Introduction#

Warning

These pages are under development.

While the Standard Model provides an incredibly accurate description of the most fundamental constituents of matter, it remains difficult to describe interactions at the level of bound states (hadrons). This is because the fundamental force that dominates at this range―the strong force―is characterized by an asymptotic freedom: it has a strong coupling constant at low momentum transfer.

One the one hand, this asymptotic behavior of the strong force forces quarks to bound together in colorless groups (color confinement), giving particle physicists an amazingly varied spectrum of quark combinations to study. On the other, the asymptotic running of the coupling constant makes it almost impossible to predict from first principles how bound states of quarks interact at lower energies.

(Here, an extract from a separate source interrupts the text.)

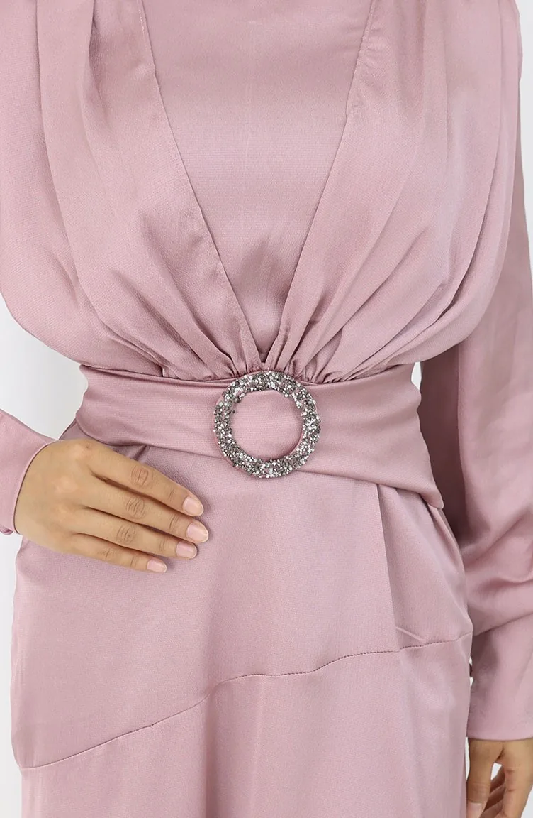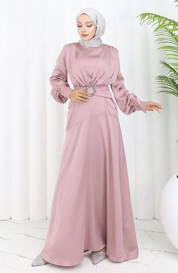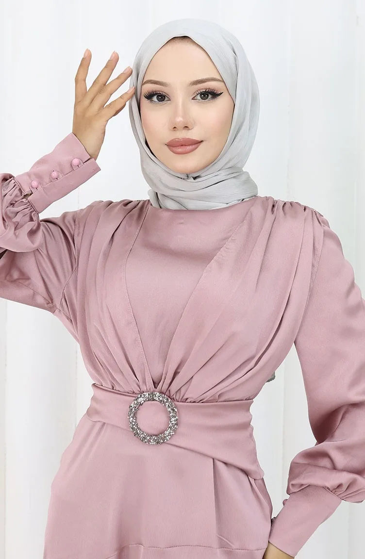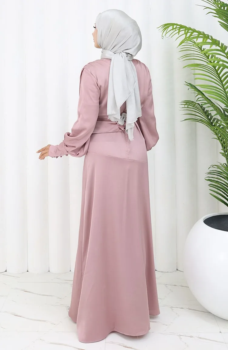 The satin fabric has an elegant texture, pleasant and precise in terms of appearance compared to other types. It has a plain appearance. Belt detail has used for a stylish look. Suitable for 4 seasons. Length is adjusted according to standard size measurements.

Theoreticians have developed several descriptive models and numerical tools (lattice QCD most importantly), but these models often rest on several assumptions or fail to describe larger systems. It therefore remains important to study particle interactions at the lower energies.

Partial Wave Analysis is a collection of techniques that allows us to perform these studies.

Todo

  • Importance of decomposing interactions

  • Strong QCD coupling constant at low momentum transfer

  • Cannot compute intermediate states from theory

  • Need to collect properties: mass, width, spin, parity

Scattering theory#

Tip

An extensive, chronological lists of publications on scattering theory can be found here.

Transition amplitude#

Todo

  • Amplitudes and intensities

  • Scattering operator \(S\) (S-matrix)

  • Lead-up to \(T\)-matrix (transition operator)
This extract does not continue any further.